Stored data
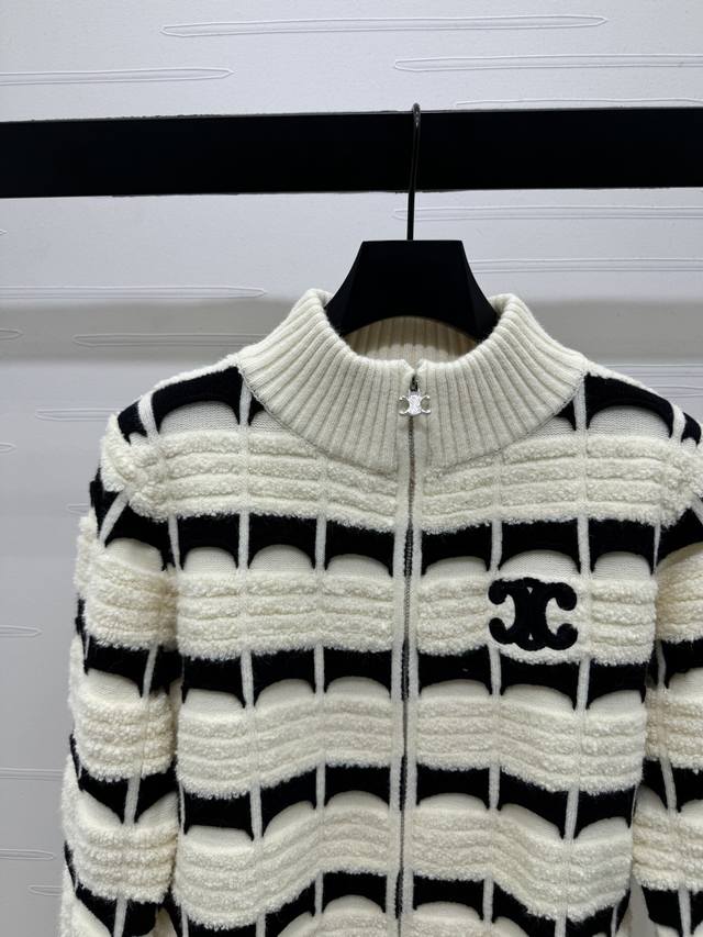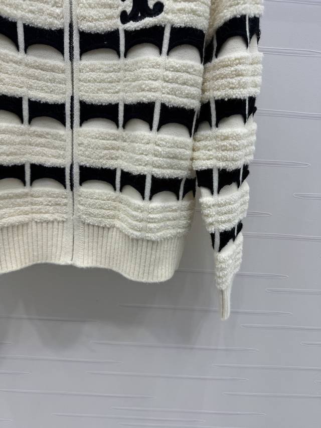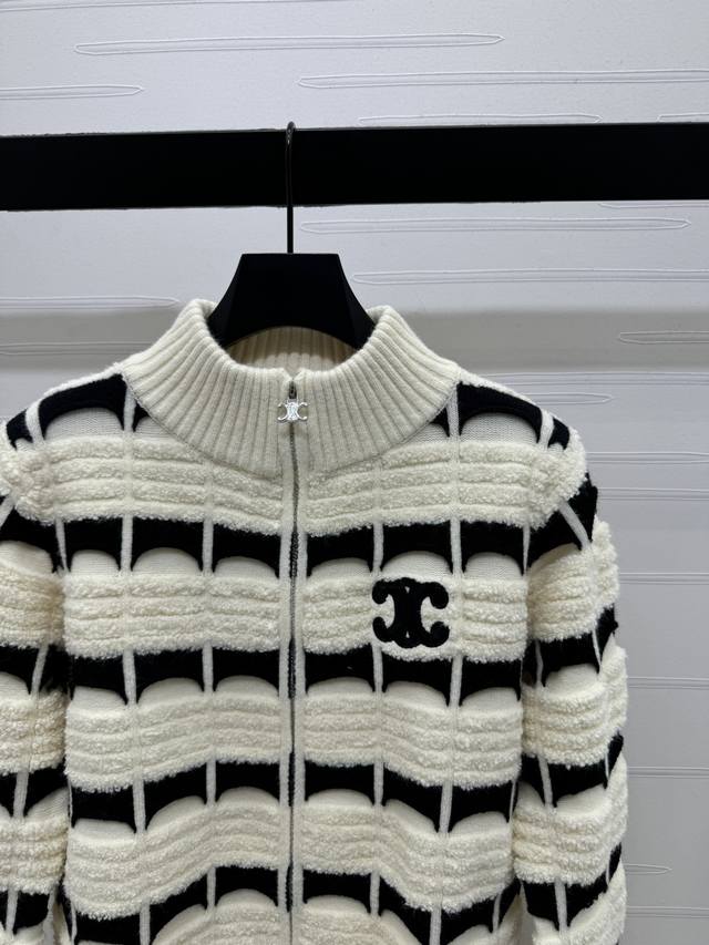 New, original, high-end quality Celin* 2025 Early Fall collection! Stand-up collar knitted long-sleeved cardigan! Custom wool yarn, soft, comfortable, stylish, and slimming. The stand-up collar cardigan has a silky cut and adjustable zipper for easy dressing. Elastic threaded hems at the sleeves, neckline, and hem provide a snug fit and increased warmth. The iconic Arc de Triomphe logo on the chest showcases the brand's signature elegance and luxurious style. The solid color scheme continues with meticulous attention to detail, creating a relaxed, stylish look with any style. Available in 2 colors! Sizes SM-L3! High-quality, bulky stock A706B360C
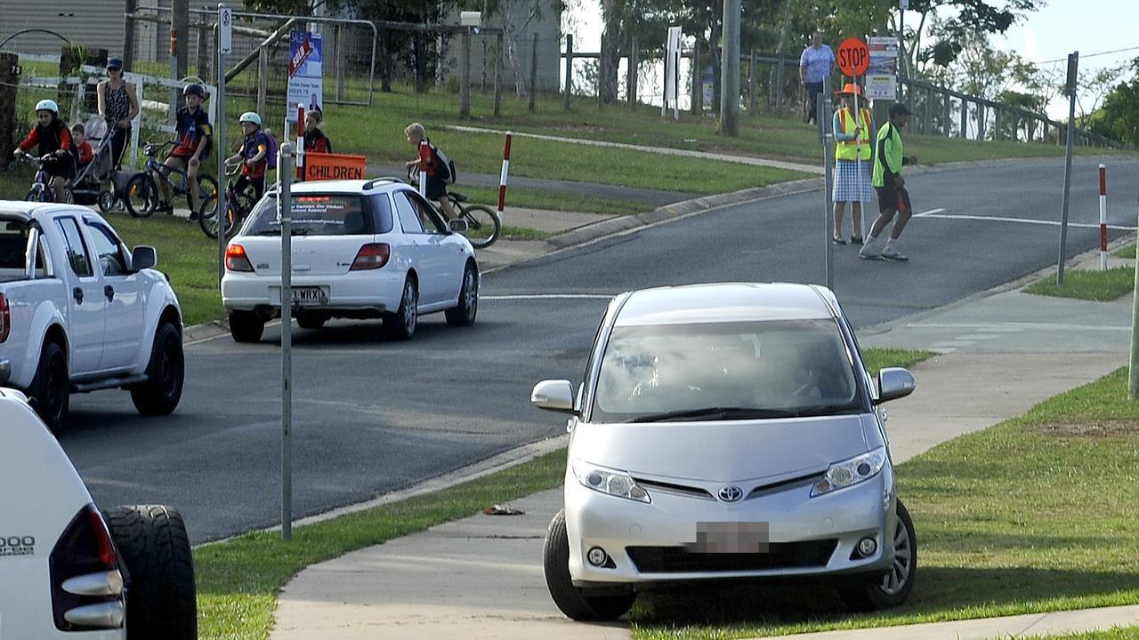 Parents’ and guardians’ vehicles in no-stopping zones creating unwanted traffic and dangerous road conditions for young students.
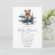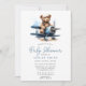 Prepare-se para celebrar com este adorável convite de chá de fraldas de avião para ursos de pelúcia. Apresentando um ursinho de pelúcia a aquarela vestido como um pequeno aviador num avião azul-vintage, este convite é perfeito para o chá de fraldas de um menino com um tema aventureiro. As cores suaves e o design encantador fazem dela uma escolha encantadora para os pais esperando um menino que esteja pronto para voar.
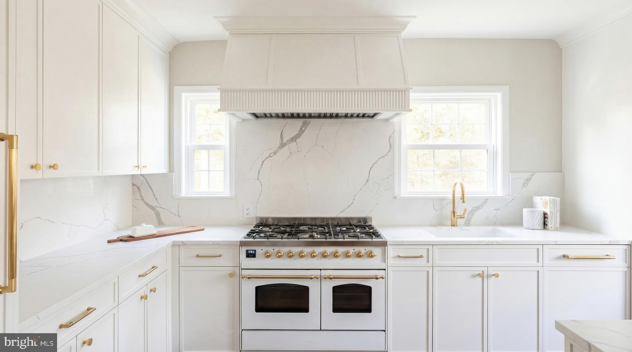 The kitchen serves as a true focal point, pairing custom cabinetry by Akseizer Residential with quartz countertops and an integrated stone sink. A Waterworks unlacquered brass faucet adds warmth and character, while a suite of Bosch appliances, including integrated refrigeration, dishwasher, and microwave, is complemented by a statement Ilve 40-inch dual-fuel range in a limited-edition white finish with brass hardware.

Work request
Take the line containing "Parents’ and guardians’" and every line after it through the end of the data, and write them out exactly, with no pictures.

Solution for this problem
 Parents’ and guardians’ vehicles in no-stopping zones creating unwanted traffic and dangerous road conditions for young students.
 Prepare-se para celebrar com este adorável convite de chá de fraldas de avião para ursos de pelúcia. Apresentando um ursinho de pelúcia a aquarela vestido como um pequeno aviador num avião azul-vintage, este convite é perfeito para o chá de fraldas de um menino com um tema aventureiro. As cores suaves e o design encantador fazem dela uma escolha encantadora para os pais esperando um menino que esteja pronto para voar.
 The kitchen serves as a true focal point, pairing custom cabinetry by Akseizer Residential with quartz countertops and an integrated stone sink. A Waterworks unlacquered brass faucet adds warmth and character, while a suite of Bosch appliances, including integrated refrigeration, dishwasher, and microwave, is complemented by a statement Ilve 40-inch dual-fuel range in a limited-edition white finish with brass hardware.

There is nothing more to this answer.